Зачем он вспомнил сегодня о ней? Грозил ее именем… Даже проклинал!»

Душно было в машине, и пот, кажется, проступил. Все закрыто, мертвый воздух «кондишена» не проходил в легкие.

— Остановись! — постучал он в стекло шоферу. Забыл о внутренней связи… Шофер испуганно оглянулся на него, но Логинов кивком подтвердил свою просьбу.

Остановиться было не так легко. Машины сзади и впереди должны были сделать все одновременно… Передать сведения об остановке постам ГАИ впереди… Известить снимаемые после их проезда специальные посты, «ведущие» его машину от дачи Корсакова.

…Колеса плавно заскользили по более рыхлому — у края — асфальту и остановились, чуть въехав на вечернюю, пыльную зелень придорожья.

Иван Дмитриевич, отказавшись от помощи шофера, сам вышел из машины. Еле заметным движением попросил оставить его одного… Сделал несколько неуверенных шагов по темной поляне, начинавшейся сразу у шоссе.

Потом стало видно отчетливее, глаза привыкли к полумгле.

Свет фар многочисленных машин — и его, и пролетавших по шоссе — скорее слепил, чем помогал ориентироваться в ночном пространстве.

Метрах в ста пятидесяти, в глубине поляны, возвышалось несколько темных молодых берез с невысоким уютным кустарничком. Логинов двинулся к ним.

— Иван Дмитриевич! — услышал он за спиной взволнованный голос нового помощника, молодого парня, которого он взял к себе года четыре назад. (Парень так и не привык к сменам настроения, к характеру Логинова. Боялся его! И, видно, ничего уж тут не поделаешь! Надо менять…)

Логинов не ответил.

Он присел на недавно кем-то обломанную березку, которая напряглась, но выдержала его грузное тело. Машинально похлопал себя по карманам — сигарет, конечно, не было. «Попросить? У них?!» Он вздохнул, глубоко, всей грудью… Во влажном, туманном воздухе было что-то от весенней гари, от томительности ночного одиночества.

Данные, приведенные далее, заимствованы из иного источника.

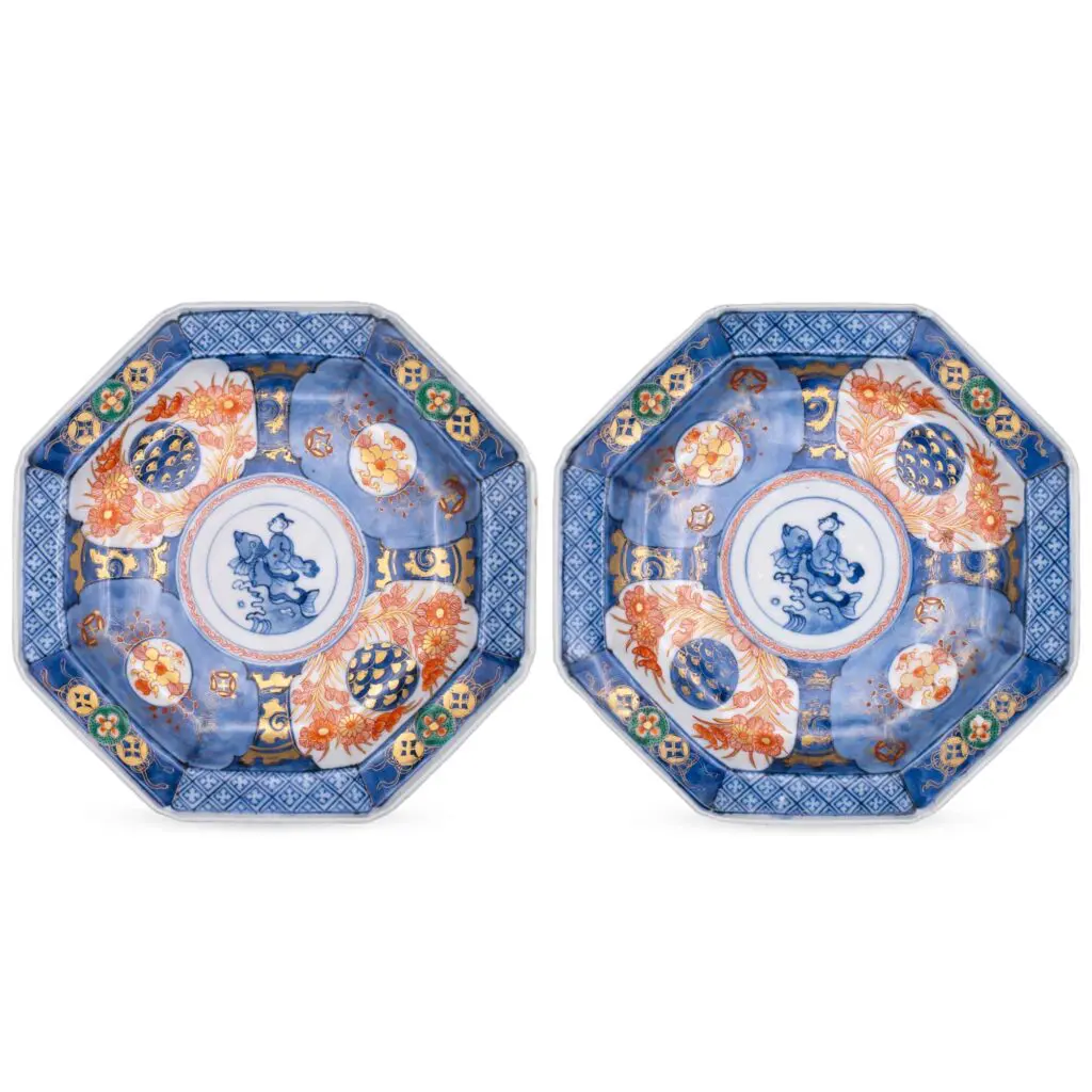 Pair of Antique Japanese Fukagawa Koransha Imari Porcelain Octagonal Plates

Шагах в двадцати, под кручей, притаился огромный в темноте бульдозер, а чуть дальше — еще два трактора… Там уже был снят травяной покров, и земля рыжевато-глинистой жижей растекалась по склону… Пятнелась то здесь, то там, окружая поляну и несколько деревцов на ней.

«Комплекс ВАЗа, кажется, будет?» — вспомнил он, и рука его невольно перестала ласкать влажную, струистую кору березы. Он как бы отодвигал, отдавал ее решенной, невеселой… — что ж тут поделаешь! — судьбе.

Он потянулся и сорвал лист. Машинально растер его в пальцах и поднес к носу. Даже сквозь насморк он почувствовал горечь недавно народившейся зелени, ее жесткий, травяной запах…

«Какой уж тут лес?! Сами же посадили, наверно, недавно… Озеленяли район! — оправдываясь, подумал Логинов. — А комплекс нужен! Жалуются люди…»

Но думал он не об этом. Хоть и слышал, как переговариваются из его машины с Москвой… Видел темные фигуры, толпившиеся около кортежа, и тех, кто, вроде чтобы тоже размяться, углубились в темноту.

Наверняка уже по полному кругу, где в центре сидел он, стояли ребята, охранявшие его.

«Господи! Да кому я, старик, нужен?!»

Сколько раз хотелось ему сказать, крикнуть, отослать их. Но это их работа!

«А для Александра Кирилловича, тогда, в тридцатых, он был, кажется, всем — и единственным охранником, и секретарем, и помощником, и шофером… Это позже, во второй половине тридцатых… «Их» появилось много… Даже чересчур! Но его, Логинова, уже тогда рядом с Александром Кирилловичем не было. Вовремя старик послал его в район… В Верхне-Куровский. Что и говорить — спас его. Спас — удалив от себя!»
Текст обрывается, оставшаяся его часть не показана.